July 1 happened to fall on a Sunday. The day dawned cloudy. The night before it rained, and the ground was slippery. There was a heavy mist. A construction crew arrived at 3:30 a.m. to dismantle the doorway of the RJH loading dock to accommodate the Titan crate, which - true to its name - was about the size of a small car.

At 5:45 a.m., a 40-foot-long DHL truck bearing all the equipment arrived, and a small army assembled: four OHSU personnel, six movers, eight FEI personnel, the DHL truck drivers and shipping coordinator and five members of the construction crew.

By 6 a.m., the unloading began, first of noncritical pieces. The forklift driver began his descent down the ramp with the crate. As he began slipping, he maintained control enough to arrive safely at the dock, with the equipment intact. Everyone breathed a sigh of relief. The crate was unloaded and unpacked.

When the driver tried to return up the ramp, though, the forklift tires spun and spun. He was stuck. The movers had to winch the forklift back up the incline and ordered a new forklift with off-road tires that could negotiate the muddy slope. It would arrive in a few hours.

Meanwhile, the group hatched Plan B. Instead of moving everything down the dirt ramp into the loading dock, all the equipment that could fit would be loaded through the RJH front entrance using small truck jacks.

Plan B was going smoothly until the Helios reached the doorway of its renovated room. The equipment was too wide - by an inch. The construction crew demoed the wall and door frame to accommodate the needed width, and the Helios was moved in.

The team knew the Titan was too tall for the RJH front entrance. When the new forklift arrived, crew members loaded the crate and successfully drove it down to the loading dock and unloaded it through the demoed opening.

Finally, all the FEI equipment was situated inside, and the two microscopes were resting in respective spaces. (The third microscope, the iLEM, was moved into storage until space could be found for it.) It took six hours to move everything to their new location.
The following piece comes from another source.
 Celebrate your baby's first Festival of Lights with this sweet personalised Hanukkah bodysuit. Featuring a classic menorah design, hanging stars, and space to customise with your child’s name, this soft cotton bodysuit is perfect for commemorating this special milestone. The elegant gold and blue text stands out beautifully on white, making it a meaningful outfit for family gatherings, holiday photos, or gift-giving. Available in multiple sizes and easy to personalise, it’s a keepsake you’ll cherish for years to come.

The construction crew then spent several hours repairing all the doorways, and by 5 p.m. everyone was gone.

"It was quite an effort, but everything went in in the end," said Wong. "The whole planning and delivery process was very collaborative. We couldn't have done it without everyone's dedication and participation."
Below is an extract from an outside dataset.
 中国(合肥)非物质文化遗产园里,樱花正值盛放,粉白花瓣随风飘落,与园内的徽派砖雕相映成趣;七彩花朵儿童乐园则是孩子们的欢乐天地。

"Kyle, Martha and their team really drove this project and went above and beyond to make everything come together seamlessly," said John Bernatz, associate director for University & Research Facilities.

"I'm very proud that the Facilities & Logistics team is so focused on OHSU's missions and that they work so hard to help provide cutting-edge advances to our community," said Scott Page, associate vice president for Facilities & Logistics.

"These new microscopes are at the leading edge of imaging technology and will become a vital part of our university shared resources to help OHSU investigators further their projects and uncover new knowledge about cellular architecture and ultrastructure," said Mary Stenzel-Poore, Ph.D., senior associate dean for research. "I'd like to thank FEI, Facilities & Logistics and the many many people who played roles large and small to successfully bring these instruments to the Marquam Hill campus. It was a heroic effort that will pay dividends for science."